H&M finisce sotto accusa per aver bruciato dal 2013 ad oggi circa 60 tonnellate di abiti non venduti e ancora utilizzabili. L’accusa è stata mossa dal programma televisivo danese Operation X,  le cui ricerche hanno condotto i giornalisti alla società di smaltimento dei rifiuti Kara/Noveren, in Danimarca, dove avrebbero visto in prima persona l’arrivo di un lotto di merce prima che venisse distrutta. 

H&M ha rigettato le accuse definendole false e spiegando che i capi coinvolti nel processo e considerati nell’indagine sono quelli che devono essere distrutti per prassi, poiché contengono sostanze chimiche non conformi. “La circolarità è il core della nostra strategia di sostenibilità e lavoriamo duro per assicurare la massimizzazione dell’uso e del valore dei nostri prodotti, – ha ribadito il portavoce – l’incinerazione è l’ultima opzione da considerare solo quando il riutilizzo o il riciclo non è tra le opzioni, come quando i nostri prodotti sono contaminati da muffa o non rispettano le nostre rigide restrizioni chimiche”.

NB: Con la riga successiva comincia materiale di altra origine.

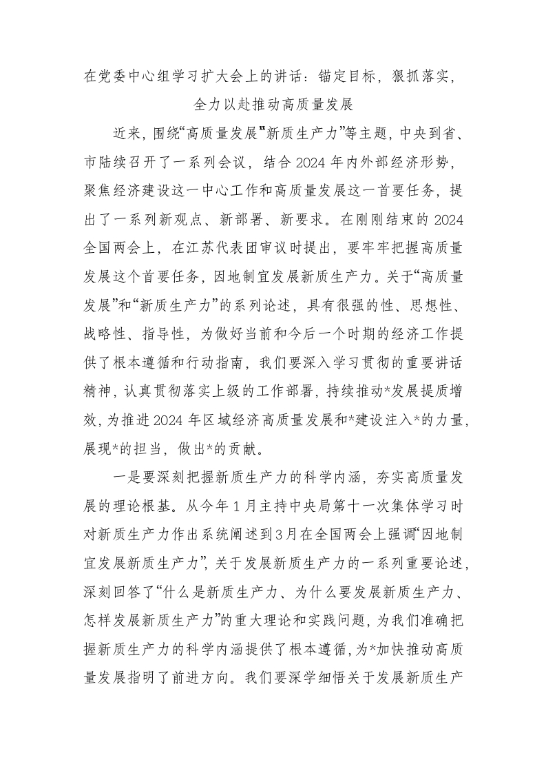 2024年在党委中心组学习扩大会上的讲话:锚定目标,狠抓落实,全力以赴推动高质量发展
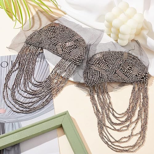 WEBEEDY 2 PCS Main Perles Feuilles Glands Patchs Épaulettes Épaule Applique Gland Chaîne Collier Patchs Badge Frange Épaule Badge Strass Applique pour Costume de Danse de Mariage

Secondo Operation X, invece, i capi distrutti sarebbero utilizzabili; infatti  il programma avrebbe spedito ad un laboratorio indipendente due diversi pantaloni destinati all’impianto di Kara/Noveren e  due pantaloni acquistabili in un qualsiasi negozio H&M. I capi esaminati avrebbero registrato risultati simili e conformi alle regolamentazioni europee e danesi. H&M, dal canto suo, ha contestato i risultati affermando che i propri, resi pubblici sul sito, hanno invece messo in luce irregolarità che non potevano essere ignorate e che quindi comportavano l’eliminazione dei pantaloni incriminati.

Se le accuse dovessero rivelarsi fondate, porterebbe un grave danno per H&M che, negli ultimi anni, ha mosso decisi passi verso la sostenibilità attraverso iniziative come la linea Conscious o il programma di riciclo di abiti usati.